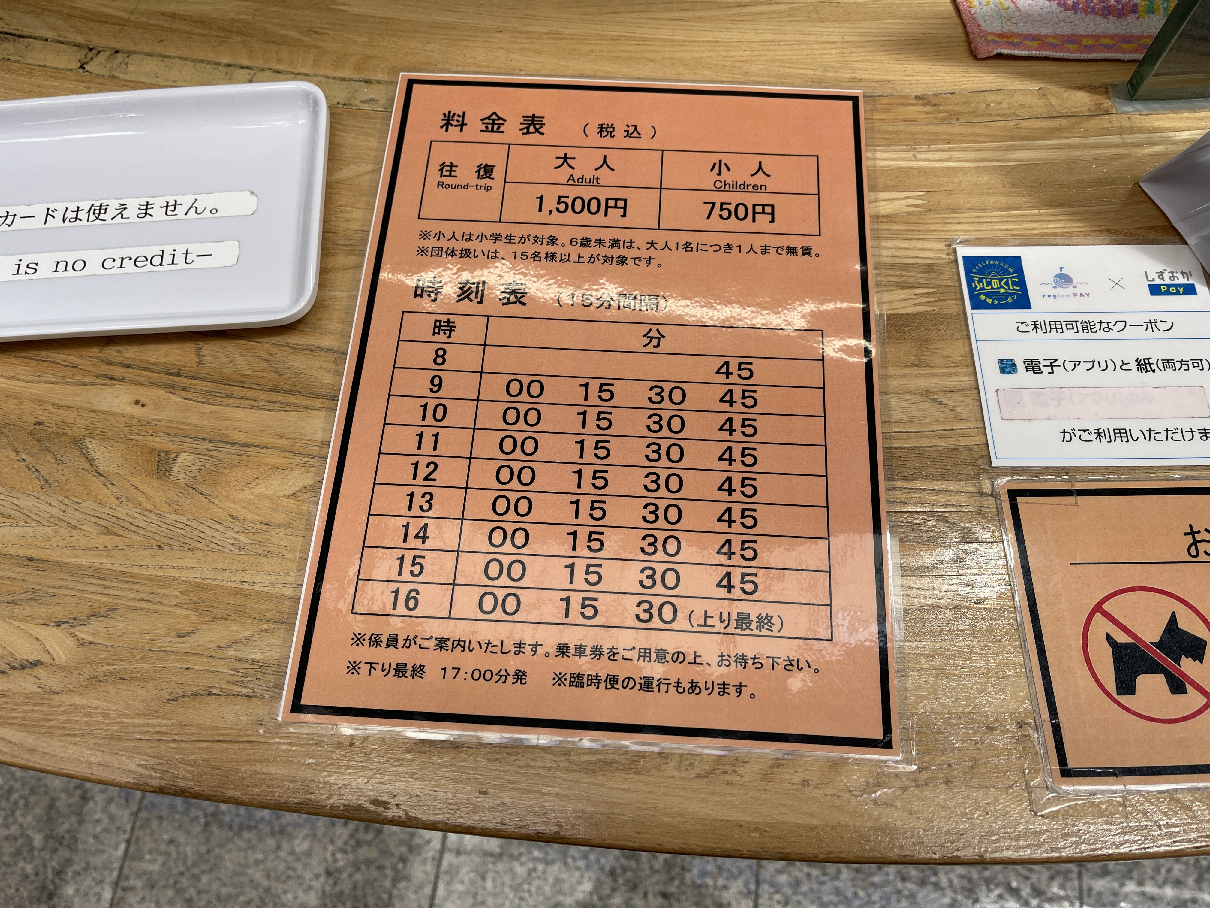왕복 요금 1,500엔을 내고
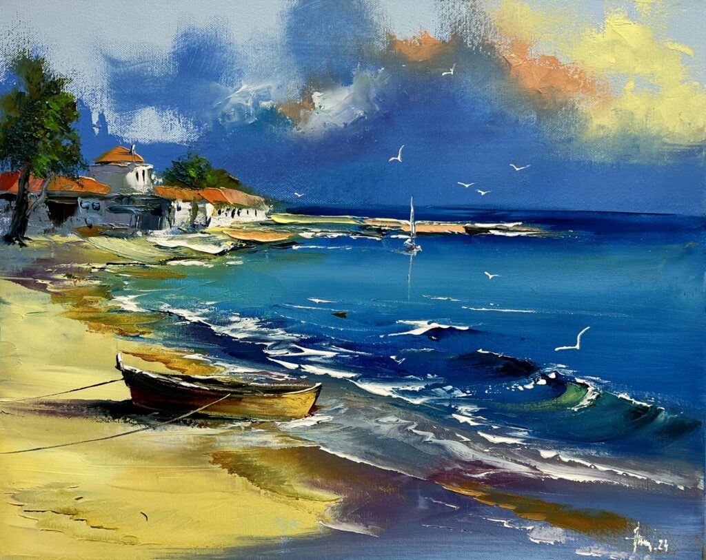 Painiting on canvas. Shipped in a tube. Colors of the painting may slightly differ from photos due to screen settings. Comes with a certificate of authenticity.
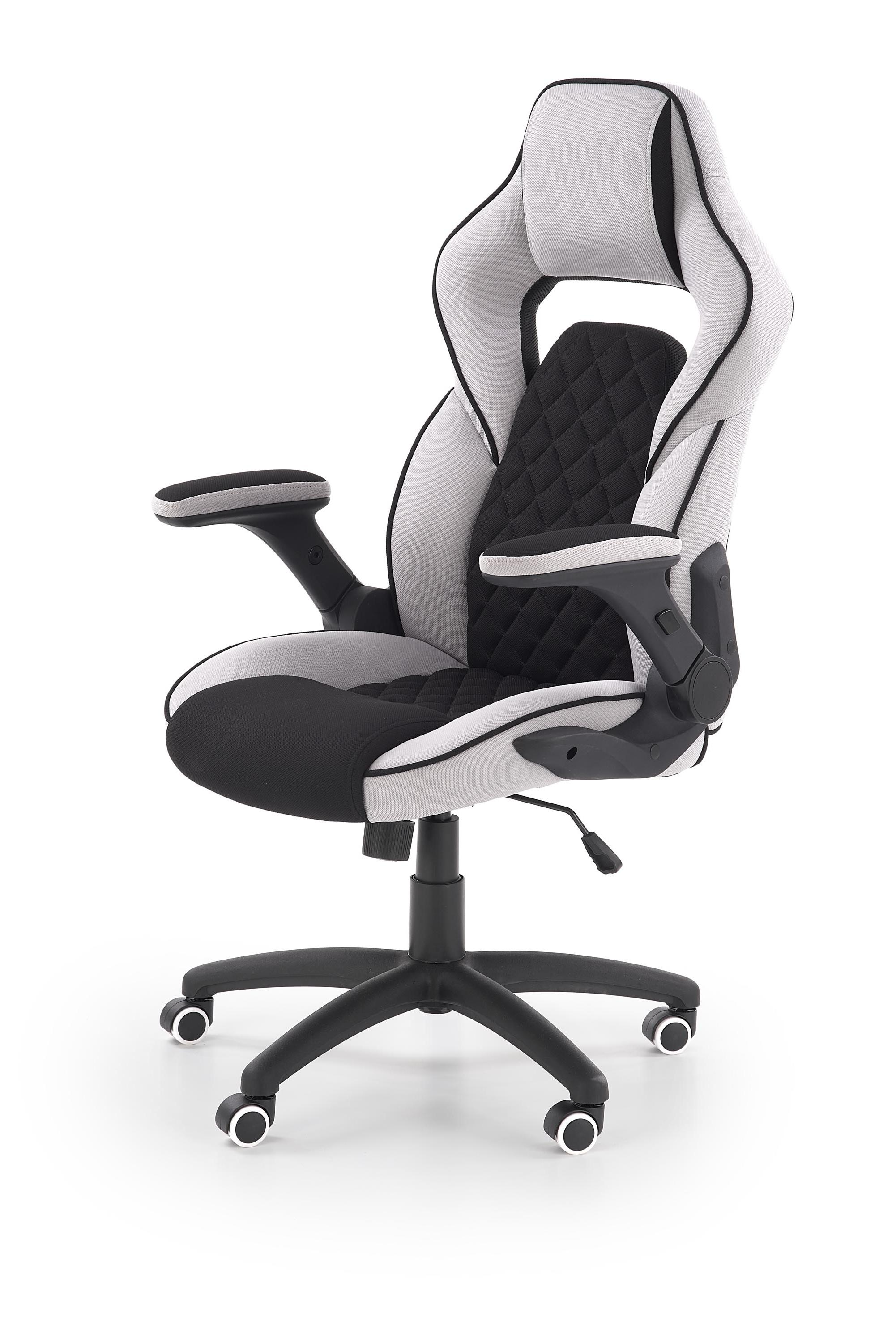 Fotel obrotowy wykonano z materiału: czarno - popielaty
------------------------------------
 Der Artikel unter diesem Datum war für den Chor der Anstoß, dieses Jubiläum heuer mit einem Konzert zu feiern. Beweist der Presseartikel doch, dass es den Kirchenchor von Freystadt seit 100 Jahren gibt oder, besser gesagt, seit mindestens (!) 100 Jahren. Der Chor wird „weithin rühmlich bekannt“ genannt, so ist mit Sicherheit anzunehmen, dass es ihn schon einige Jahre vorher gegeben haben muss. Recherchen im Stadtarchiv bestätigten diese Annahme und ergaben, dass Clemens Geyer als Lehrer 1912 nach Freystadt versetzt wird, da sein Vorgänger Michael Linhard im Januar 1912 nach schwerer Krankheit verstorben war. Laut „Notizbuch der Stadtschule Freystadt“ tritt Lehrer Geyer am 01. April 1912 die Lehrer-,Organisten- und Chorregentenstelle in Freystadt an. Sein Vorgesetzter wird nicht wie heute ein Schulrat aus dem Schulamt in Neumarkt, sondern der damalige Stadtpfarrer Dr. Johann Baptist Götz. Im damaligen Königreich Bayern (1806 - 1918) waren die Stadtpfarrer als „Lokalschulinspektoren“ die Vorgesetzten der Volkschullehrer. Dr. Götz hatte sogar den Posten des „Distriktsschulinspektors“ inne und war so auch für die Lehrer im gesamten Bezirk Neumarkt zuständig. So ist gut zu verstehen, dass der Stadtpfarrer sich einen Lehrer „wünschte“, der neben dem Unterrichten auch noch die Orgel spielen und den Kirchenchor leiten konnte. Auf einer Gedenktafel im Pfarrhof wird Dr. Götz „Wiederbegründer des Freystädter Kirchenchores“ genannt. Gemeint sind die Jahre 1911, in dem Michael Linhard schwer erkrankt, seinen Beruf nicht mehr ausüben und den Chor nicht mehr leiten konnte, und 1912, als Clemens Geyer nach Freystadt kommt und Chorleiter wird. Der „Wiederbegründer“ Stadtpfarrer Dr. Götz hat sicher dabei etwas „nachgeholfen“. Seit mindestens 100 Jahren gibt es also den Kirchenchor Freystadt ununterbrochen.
------------------------------------
- **The problem**:
Start with the line with "Painiting on canvas." in the listing above and stop after the line with "Fotel obrotowy wykonano". Write out exactly the lines in that stretch and no others, without pictures.

- **Your response**:
 Painiting on canvas. Shipped in a tube. Colors of the painting may slightly differ from photos due to screen settings. Comes with a certificate of authenticity.
 Fotel obrotowy wykonano z materiału: czarno - popielaty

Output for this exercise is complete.